Action item:
Once you find the line with "KRAM-TRUCK Ripiano Centrale" in the entries below, print it and each line after it up to and including the line with "The two main", exactly, without pictures.

Record extracts:
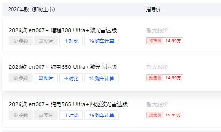 eπ007+共推出三款配置,预售价格如下:增程308 Ultra+激光雷达版14.99万元;纯电650 Ultra+激光雷达版 14.99万元;纯电565 Ultra+四驱激光雷达版15.99万元。预售期间,用户可享受多项权益,包括99元抵10000商城积分、限时免费外观色、跨年购置 税补贴等,进一步提升了车辆的性价比。从定位来看,eπ007+瞄准的是15万级中高端纯电/增程轿跑市场。其竞争对手包括小鹏P5、比亚迪海豹等车型,而eπ007+在智能硬件、动力配置与设计细节上具备一定差异化优势。
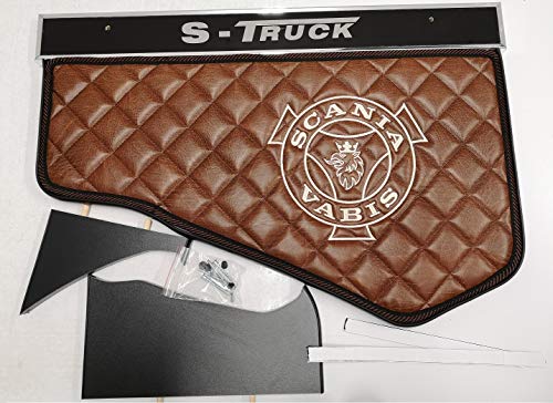 KRAM-TRUCK Ripiano Centrale Trapuntato Ricamato Per Auto, Compatibile Con SCANIA S/R Della Nuova Generazione Del 2017, Marrone Chiaro, Similpelle Espansa 10 mm, Certificato Igienico
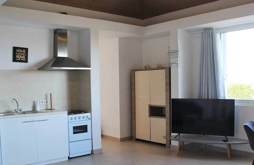 The two main bedrooms are on opposite sides of the living area. Both are accessible from inside and from the terrace. Each has a sizeable bed and comfortable ensuite bathroom, although one of these bathrooms is shared. The third bedroom is smaller and has a full bed and shares the bathroom (accessible only through the second bedroom) with one of the main two bedrooms, making it best suited for the children of the adults in room two. Each of the bedrooms has sea views.
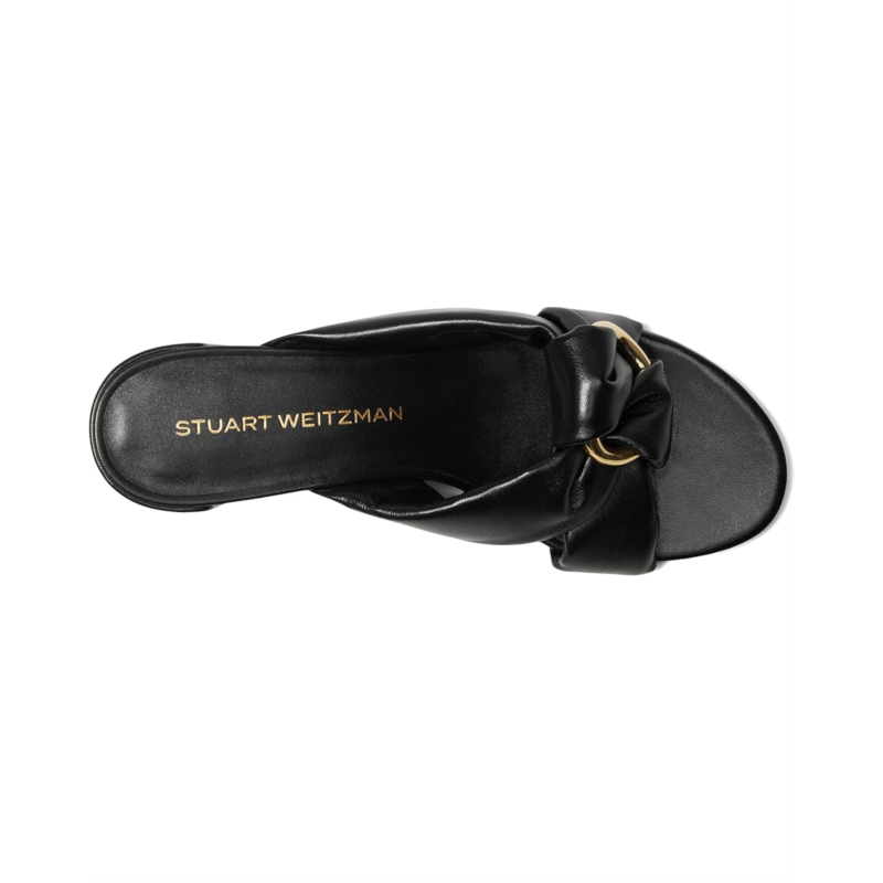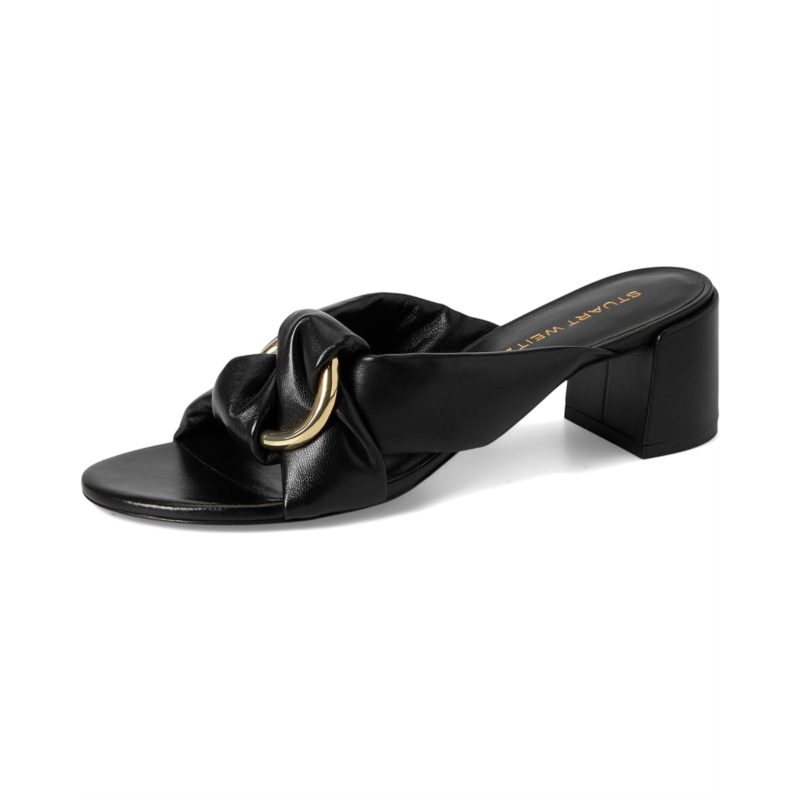 - Prepare to turn heads donning the Stuart Weitzman Cece Block Slides 50. The knotted leather upper and goldtone ring detail add a touch of sophistication to your look. Crafted from beautiful mestizo leather and lined with plush lamb leather, these slides offer both style and comfort. Complete with leather insole and block heels for added support, these slides are perfect for any occasion with their chic open toe design.
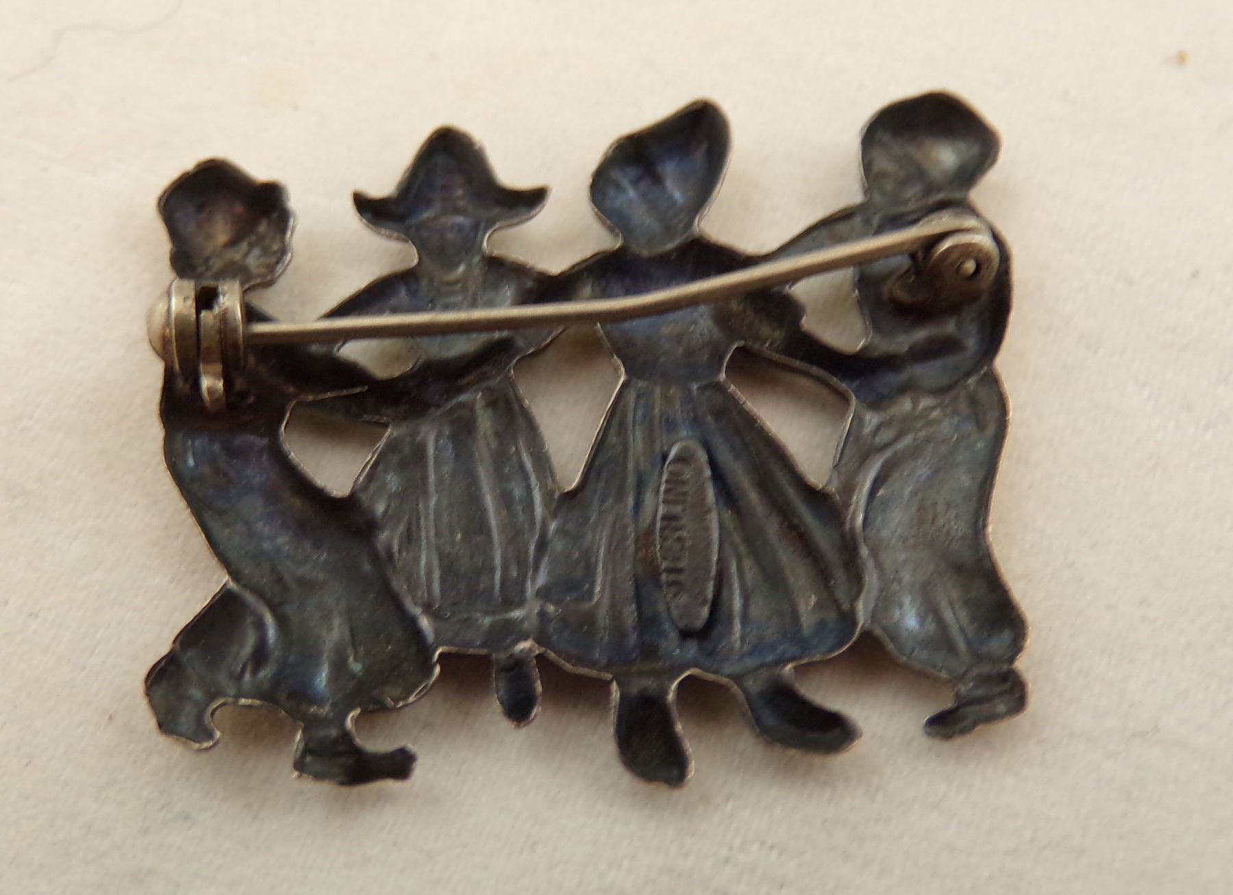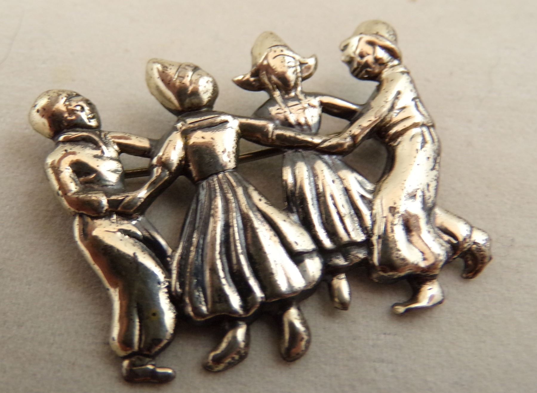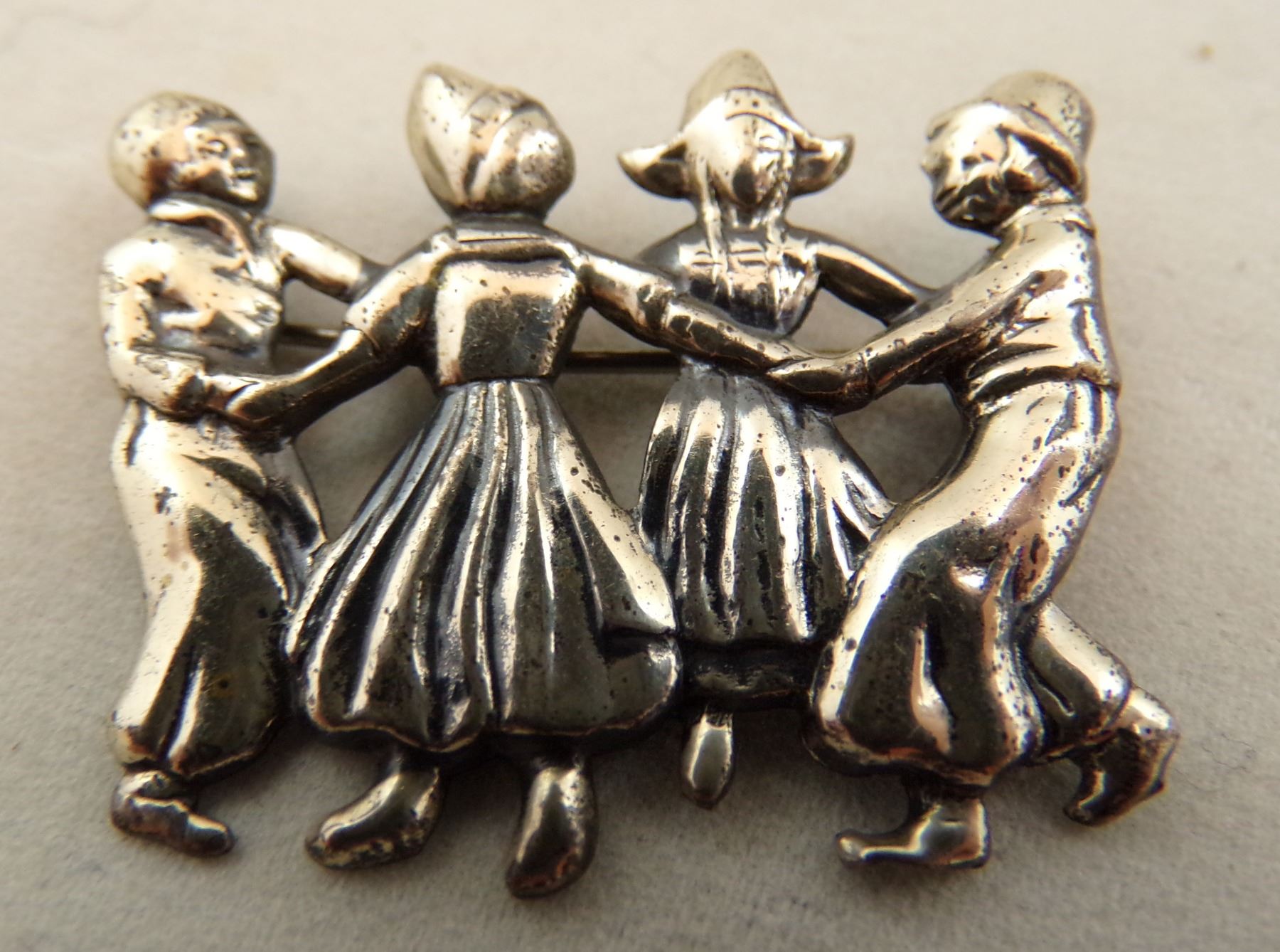 Vintage Lang Sterling Dancing Dutch Couples Pin, measures 1.75''L x 1.25''H, stamped sterling
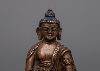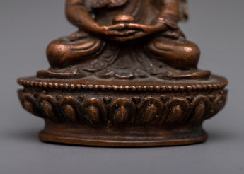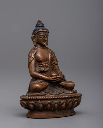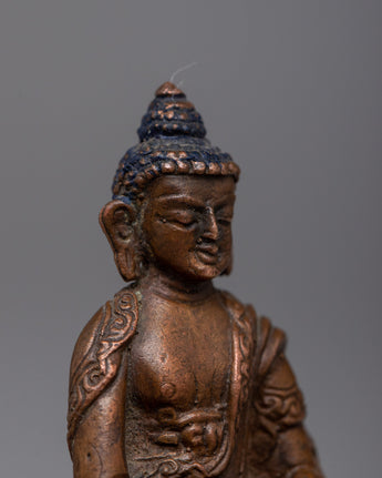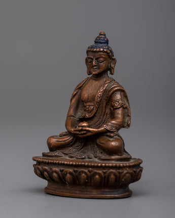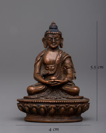 The Buddha Amitabha Statue transports you to a place of unlimited compassion and enlightenment. Crafted by machine with perfection on an oxidized copper body, this sacred figure stands at 5.5cm tall and exudes a sense of profound tranquility and wisdom.

Exercise solution:
 KRAM-TRUCK Ripiano Centrale Trapuntato Ricamato Per Auto, Compatibile Con SCANIA S/R Della Nuova Generazione Del 2017, Marrone Chiaro, Similpelle Espansa 10 mm, Certificato Igienico
 The two main bedrooms are on opposite sides of the living area. Both are accessible from inside and from the terrace. Each has a sizeable bed and comfortable ensuite bathroom, although one of these bathrooms is shared. The third bedroom is smaller and has a full bed and shares the bathroom (accessible only through the second bedroom) with one of the main two bedrooms, making it best suited for the children of the adults in room two. Each of the bedrooms has sea views.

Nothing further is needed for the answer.